A stable release of mechanize is (finally!) coming soon(-ish).
John

Mar 23 '06 #6

This thread has been closed and replies have been disabled. Please start a new discussion.

Similar topics

42
by: Fred Ma | last post by:
Hello, This is not a troll posting, and I've refrained from asking because I've seen similar threads get all nitter-nattery. But I really want to make a decision on how best to invest my time....
31
by: surfunbear | last post by:
I've read some posts on Perl versus Python and studied a bit of my Python book. I'm a software engineer, familiar with C++ objected oriented development, but have been using Perl because it is...
8
by: Nick Coghlan | last post by:
Time for another random syntax idea. . . So, I was tinkering in the interactive interpreter, and came up with the following one-size-fits-most default argument hack: Py> x = 1 Py> def...
68
by: Lad | last post by:
Is anyone capable of providing Python advantages over PHP if there are any? Cheers, L.
6
by: Mark Watson | last post by:
Last year, I did an experiment of allowing a very polite web spider run for a few days trying to find RDF markup embedded in web pages. I found close to zero RDF - not encouraging!

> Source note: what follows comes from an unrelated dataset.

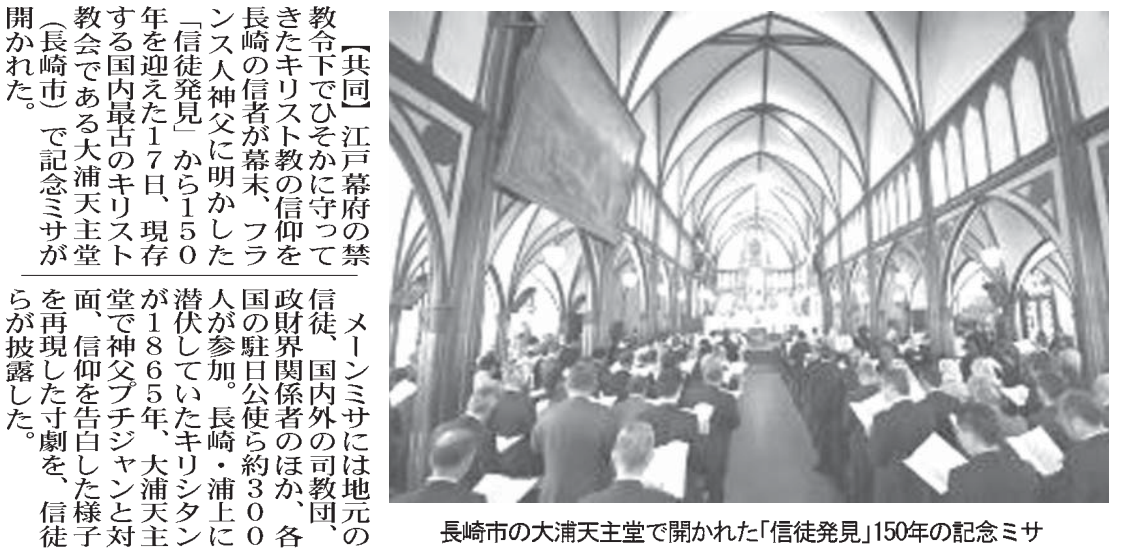
長崎市の大浦天主堂で開かれた「信徒発見」150年の記念ミサ

【共同】政府は17日、小学校と中学校の義務教育9年間のカリキュラムを弾力的に運用できる小中一貫校を制度化する学校教育法改正案を閣議決定した。一貫校の名称は「義務教育学校」とし、小中学校などと同じ法第1条で定める「学校」に位置付けた。今国会で成立すれば、2016年4月から施行する。義務教育学校は、地域の実情に合わせて、カリキュラムや学年の区切りを変更できる。校長は1人で、教員は原則として小中両方の免許が必要。校舎は離れていても、同敷地内でも設置できる。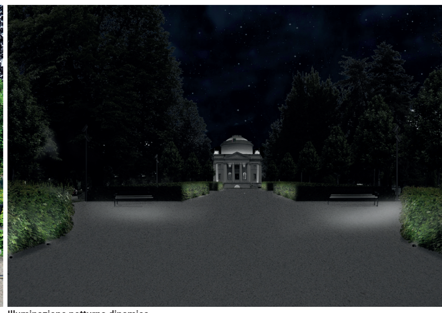
Illuminazione notturna dinamica

I a recent...
13
by: squash | last post by:
I am a little annoyed at why such a simple program in Perl is causing so much difficulty for python, i.e: $a += 200000 * 140000; print $a;
21
by: Roy Smith | last post by:
I'm working on a product which for a long time has had a Perl binding for our remote access API. A while ago, I wrote a Python binding on my own, chatted it up a bit internally, and recently had a...
5
by: David Waizer | last post by:
Hello.. I'm looking for a script (perl, python, sh...)or program (such as wget) that will help me get a list of ALL the links on a website. For example ./magicscript.pl www.yahoo.com and...
1
by: George Orwell | last post by:
Would I be missing much if I stopped trying to learn Perl well enough to use for spidering, screen scraping etc. and converted over to PHP ? I am looking to do all, or at least most of the hacks...
0
by: Charles Arthur | last post by:
How do i turn on java script on a villaon, callus and itel keypad mobile phone
0
by: emmanuelkatto | last post by:
Hi All, I am Emmanuel katto from Uganda. I want to ask what challenges you've faced while migrating a website to cloud. Please let me know. Thanks! Emmanuel
0
BarryA
by: BarryA | last post by:
What are the essential steps and strategies outlined in the Data Structures and Algorithms (DSA) roadmap for aspiring data scientists? How can individuals effectively utilize this roadmap to progress...
1
by: nemocccc | last post by:
hello, everyone, I want to develop a software for my android phone for daily needs, any suggestions?
0
marktang
by: marktang | last post by:
ONU (Optical Network Unit) is one of the key components for providing high-speed Internet services. Its primary function is to act as an endpoint device located at the user's premises. However,...
0
by: Hystou | last post by:
Most computers default to English, but sometimes we require a different language, especially when relocating. Forgot to request a specific language before your computer shipped? No problem! You can...
0
Oralloy
by: Oralloy | last post by:
Hello folks, I am unable to find appropriate documentation on the type promotion of bit-fields when using the generalised comparison operator "<=>". The problem is that using the GNU compilers,...
0
tracyyun
by: tracyyun | last post by:
Dear forum friends, With the development of smart home technology, a variety of wireless communication protocols have appeared on the market, such as Zigbee, Z-Wave, Wi-Fi, Bluetooth, etc. Each...
0
agi2029
by: agi2029 | last post by:
Let's talk about the concept of autonomous AI software engineers and no-code agents. These AIs are designed to manage the entire lifecycle of a software development project—planning, coding, testing,...

By using Bytes.com and it's services, you agree to our Privacy Policy and Terms of Use.

To disable or enable advertisements and analytics tracking please visit the manage ads & tracking page.